With a shy smile she threw the cloth off her basket. “There you go,” she said. “Solid, um, silver, not a mark on it, five shillings and I’ll throw in the spoons. Well?”

He shrugged. “Fine,” he said. “Um, thank you.” His hand was feeling for a pocket that wasn’t there. Then he remembered, and took the purse from his belt. “Now, just a—”

“The florins are the thin shiny yellow ones,” Buttercup said helpfully.

“Ah, yes, right. I knew that.”

“Of course you did. The shillings are the slightly thicker silvery ones with the thistle on the back.” And your face on the front, she didn’t add. “So, five of those ones and two of those ones, all right?”

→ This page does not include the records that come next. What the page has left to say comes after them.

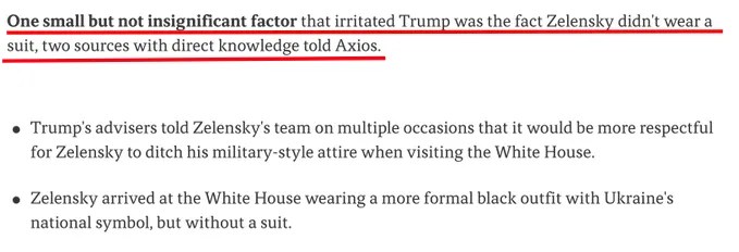 Tout d’abord, un bref résumé : tout a commencé lorsque M. Zelensky s’est arrêté à la Maison Blanche, et M. Trump a immédiatement critiqué le dirigeant en disgrâce pour son choix vestimentaire non professionnel :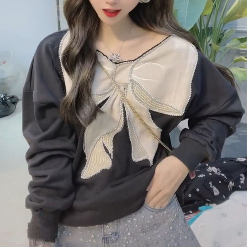 Модная осенняя толстовка с бантиком, европейский стиль, популярно в интернете, оверсайз, в корейском стиле, в западном стиле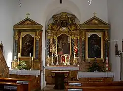 Der Innenraum des Chors, d. h. das Erdgeschoss des Chorturms, ist mit einem Kreuzgratgewölbe überspannt. Der Chorbogen verbindet ihn mit dem flachgedeckten Langhaus. Zur Kirchenausstattung gehört ein um 1730 gebauter Hochaltar mit je zwei Säulen an den Seiten, vor denen die Statuen des heiligen Sebastian und des heiligen Rochus stehen. Das nazarenische Altarretabel zeigt den heiligen Ägidius. Die Orgel auf der Empore wurde um 1720 von einem unbekannten Orgelbauer errichtet.[1]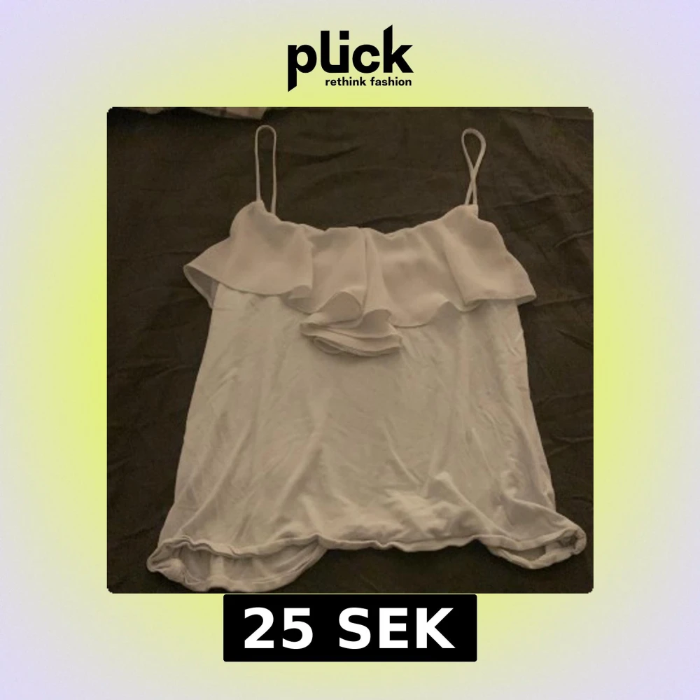 Säljer en söt vit linnetopp med smala axelband och volangdetalj framtill. Perfekt för varma sommardagar eller som ett lager under en kavaj. Toppen har en luftig och bekväm passform. Det står att det är L men passar som M/S💗 Använd 5-6 gånger inga fläckar
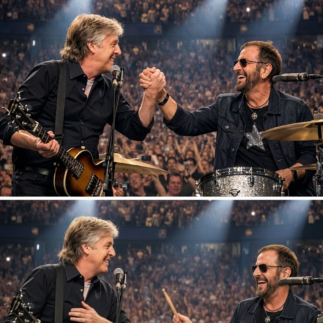 From the side of the stage, Ringo Starr emerged behind a full drum kit, beaming with that familiar, infectious smile. In that instant, the last two living Beatles stood reunited, not in memory or tribute — but in rhythm and reality. Phones trembled. Tears flowed. And thousands witnessed what they never dreamed they’d see again.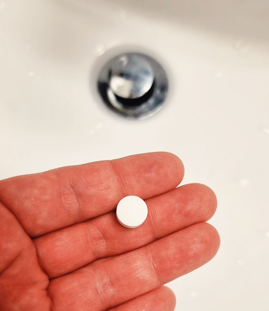1. 고체 치약 1개를 입안에 넣고 어금니로 반을 쪼개서 양쪽 어금니로 꼭꼭 씹어 줍니다.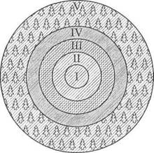 Если прежде всего обратиться к национально-немецко-аграрному строю, как он является перед нами в XVII столетии, чтобы затем проследить его назад в глубь прошлого до древнейших времен, от которых остаются лишь скудные и плохо освещенные источники, мы вынуждены ограничиться территорией, первоначально заселенной германцами. * Цит. по: Вебер М. История хозяйства. Город. / Пер. с нем. под ред. И. Гревса. М., 2001. С. 25 — 32. Цитируемый текст иллюстрирует содержание главы 8 базового пособия учебного комплекса по общей социологии. Если представить схему территории древней германской деревни в виде концентрических кругов, то первое, самое внутреннее кольцо включит совершенно неправильно разбросанные дворовые усадьбы; между ними ветвятся соединительные дороги.

“Sure. There you go. Sorry, you were saying.”

“Was I?”

“About the wolves. And the balance of payments deficit.”

“So I was. Um.”

“And the answer to your question,” the prince went on, his hand tightening around the box with the tea in it like a vice, “is that we get large amounts of hard currency from the wizard in exchange for, well,
stuff
, so although there are localised imbalances in some sectors, overall there’s a slight net foreign exchange surplus which we’re applying towards regearing our sovereign debt position vis-à-vis King Mordak and the dwarves. Or at least,” he added ruefully, “that’s what they keep telling me. OK?”

She nodded. “Yes, fine.”

There was a yearning look on his face that would’ve melted a heart of stone. “You wouldn’t possibly have any coffee, would you?”

“Any what?”

“Ah. Never mind,” he said bravely, “tea’s just fine. All they’ve got up at the palace is either wine or beer, and I don’t really like any of that stuff. Gives me a headache.”

“The woodcutters make a sort of posset out of fermented birch sap,” Buttercup heard herself say. “Mind you, it’s not very nice.”

“It sounds horrible.”

“It is.” A long moment passed, silent apart from the distant violins of the Elves. “You said you were looking for me.”

“What? Oh yes.” He stopped and frowned. “What’s that awful noise?”

“Excuse me?”

“Over there somewhere. Sounds like—” He stopped dead and didn’t finish the sentence.

“Oh, that’s the Elves. They do that.”

“Really? Why?”

“We don’t like to ask.”

“Ah. Do they do it a lot?”

She nodded. “All day and all night. They do shifts. It’s cultural or something.”

She had a horrible feeling she was blushing, which was something she simply didn’t do. But then again, she’d never met anybody quite like him before, someone with money. It spoke to something deep inside her, and its voice couldn’t be stilled. One day her prince would come; she’d known that all along, resigned herself to it, built her entire life alongside it, like the people who build villages on the lips of dormant volcanoes. But, of all the things she’d expected or dreaded her prince would be, she never thought he’d be
rich
. Princes tended not to be, in these universally threadbare parts; probably because of the screwed-up economy and kingdoms dividing because of dragon slayers, and all that. You could tell them apart from the woodcutters by their white horses and the fact that their hand-me-down clothes were brighter colours and embroidered with frayed gold thread. This one, however, had a purse practically bursting with florins. That put a completely different complexion on it. She smiled.

“You wanted to see me about something,” she prompted.

“Yes, right.” The smile seemed to be causing difficulties with his speech, so she switched it off. “I was wondering.”

“Yes?”

“Can you cook?”

It took a moment for her mental spin doctors to swing into action. Then they assured her that honesty and down-to-earth
practicality were refreshingly different, tending to reinforce the view that this prince wasn’t like the others. Which was a good thing. Even so. “Yes,” she said.